To determine whether the in vitro protective effect of TFP on cytolysin-induced hyperpermeability is implicated in vivo, we investigated whether TFP has a protective role against death induced by V. vulnificus cytolysin. Intravenous injection of V. vulnificus cytolysin (8 HU) into mice resulted in death for 100% of the mice within 24 h after injection (Fig. 3A). In contrast, administration of 50 and 100 μg of TFP into cytolysin-treated mice delayed lethality, and all mice were ultimately rescued by the administration of 150 μg of TFP. These results suggest that TFP can also prevent the deaths induced by V. vulnificus infection. Thus, instead of injecting toxin into mice, we examined whether TFP can inhibit lethality in an infection model. Mice received an intravenous injection of 50 μg of TFP or 25 μg of tetracycline 1 h after intraperitoneal injection of V. vulnificus (2 × 108 CFU). We found that the treatment of V. vulnificus-infected mice with TFP had no effect on the survival rate. However, compared to the administration tetracycline alone, TFP combined with tetracycline increased the survival rate of V. vulnificus-infected mice (Fig. 3), indicating that the cytolysin might be at least partially involved in the pathogenesis of V. vulnificus.
FIG. 3.
(A) Effect of TFP on the V. vulnificus cytolysin-induced death of mice.
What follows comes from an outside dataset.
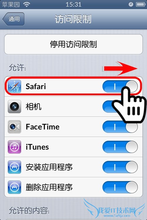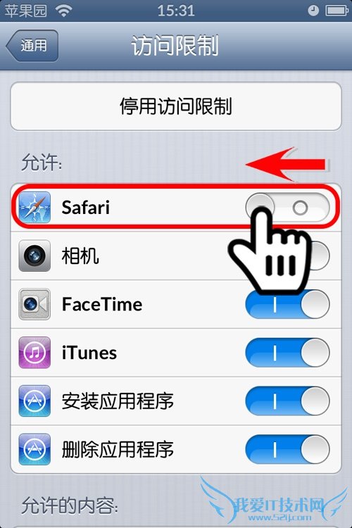 第7步:设置密码成功后,“访问限制”将可以使用,此时主列表中找到隐私项目中的“Safari”,滑动关闭后面的开关;

TFP (0 to 150 μg) was intraperitoneally injected into mice. One hour later, 8 HU of cytolysin was injected into each mouse via the tail vein. Survival was determined during the 24-h period after injection, after which there was no further loss of animal life. The survival rate of the group treated with 150 μg of TFP is significantly different from the survival rate of the control group (P < 0.001 by log rank test). (B) Effect of TFP on the V. vulnificus-induced death of mice. V. vulnificus (2 × 108 CFU) was intraperitoneally injected into mice. One hour later, tetracycline (25 μg) or TFP (50 μg) was injected into each mouse via the tail vein. Survival was determined during the 24-h period after injection, after which there was no further loss of animal life. The survival rate of the group treated with TFP and tetracycline is significantly different from the survival rate of the control group (P < 0.001 by the log rank test).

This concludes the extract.